Stock Trading Without Fiat Onboarding
Announced on Monday, the feature is part of Bybit’s Gold & Forex product suite and allows users to trade high-profile equities—including Meta Platforms (NASDAQ: META), Apple (NASDAQ: AAPL), Tesla (NASDAQ: TSLA), Nvidia (NASDAQ: NVDA), and Amazon (NASDAQ: AMZN)—without the need for fiat currency. Instead, users can execute trades using USDT, a stablecoin pegged to the U.S. dollar.
“Users can now tap into traditional markets like stocks, gold, oil, indices, and forex, without fiat onboarding or leaving the crypto ecosystem,” Bybit said in its statement, highlighting its aim to provide seamless trading across multiple asset classes from a single account.
Bybit emphasized that the move is designed to “unify crypto, stocks, and traditional assets under one roof,” allowing retail and institutional investors to navigate diverse financial markets more fluidly.
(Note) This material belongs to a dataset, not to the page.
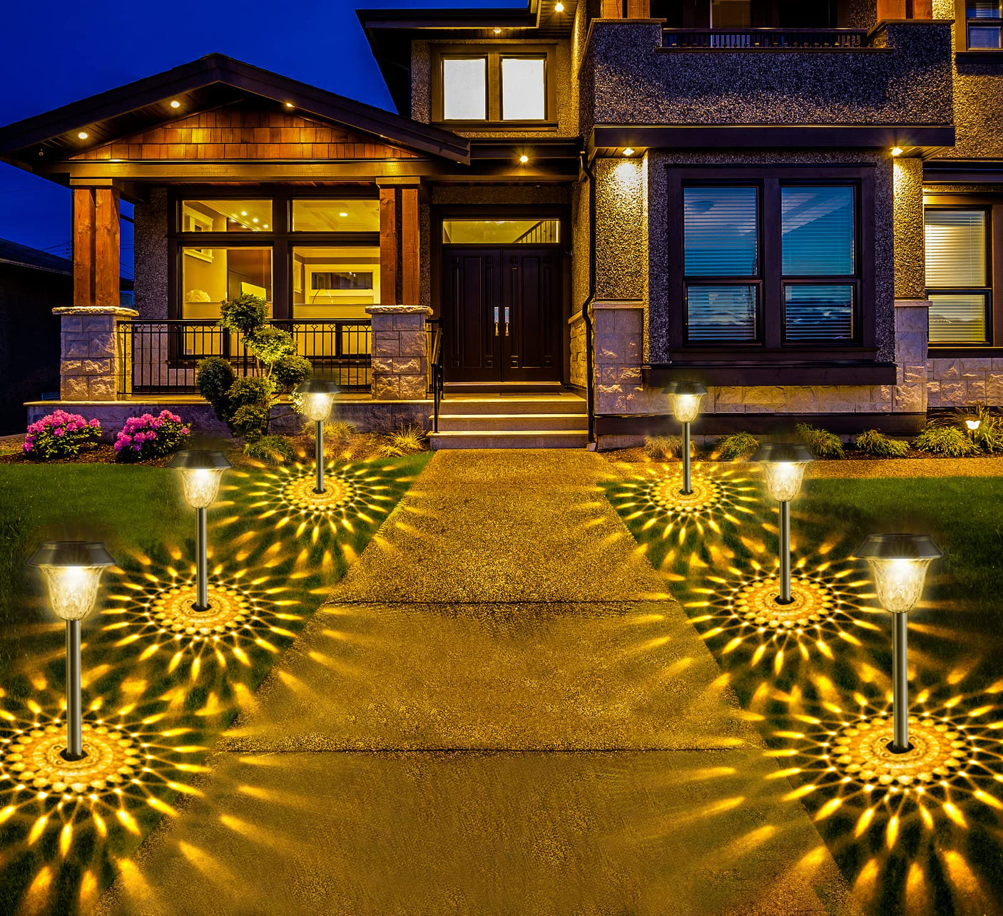 - High Brightness & Attractive Pattern: The waterproof solar outdoor Lights adopt thickened, rust-free, and corrosion-resistant materials, which are more durable than cheap solar garden lights. Solar Walkway Light features 15 Lumens, a clear plastic shade, and a spiral lighting pattern. LED path lights bring unique decorative appeal to your trails, gardens, houses, steps, lawns, yards, and walkways. They decorate your daily and holiday like Halloween & Christmas to add a finishing touch.

Tether and Market Liquidity
Tether, the world’s most widely used stablecoin, plays a central role in this integration. Designed to maintain a constant value backed by dollar reserves, Tether has issued more than $140 billion worth of tokens, per Reuters. Traders frequently use stablecoins like USDT to shift capital between cryptocurrencies or as a bridge to traditional financial systems.
To promote adoption of its new service, Bybit is offering a 50% discount on trading fees for stock transactions made through its Gold & Forex platform from June 2 to June 15.
Platform Growth and Security History
Serving over 70 million users across 160 countries, Bybit initially rose to prominence as a crypto derivatives exchange before expanding into spot markets. It supports a wide array of digital assets, including Bitcoin and Ether, and recently reported a 24-hour trading volume of $40.11 billion.
Earlier this year, Bybit drew attention after a high-profile security breach involving the theft of approximately $1.5 billion in Ether from a cold wallet—an offline storage method generally considered safer. CEO Ben Zhou assured users that all client funds remained secure, and operations continued without disruption. He also confirmed the company’s solvency and ability to absorb the losses.
Bybit’s latest move underscores the growing trend of convergence between decentralized finance and traditional markets, as crypto exchanges evolve to offer broader financial services within a unified ecosystem.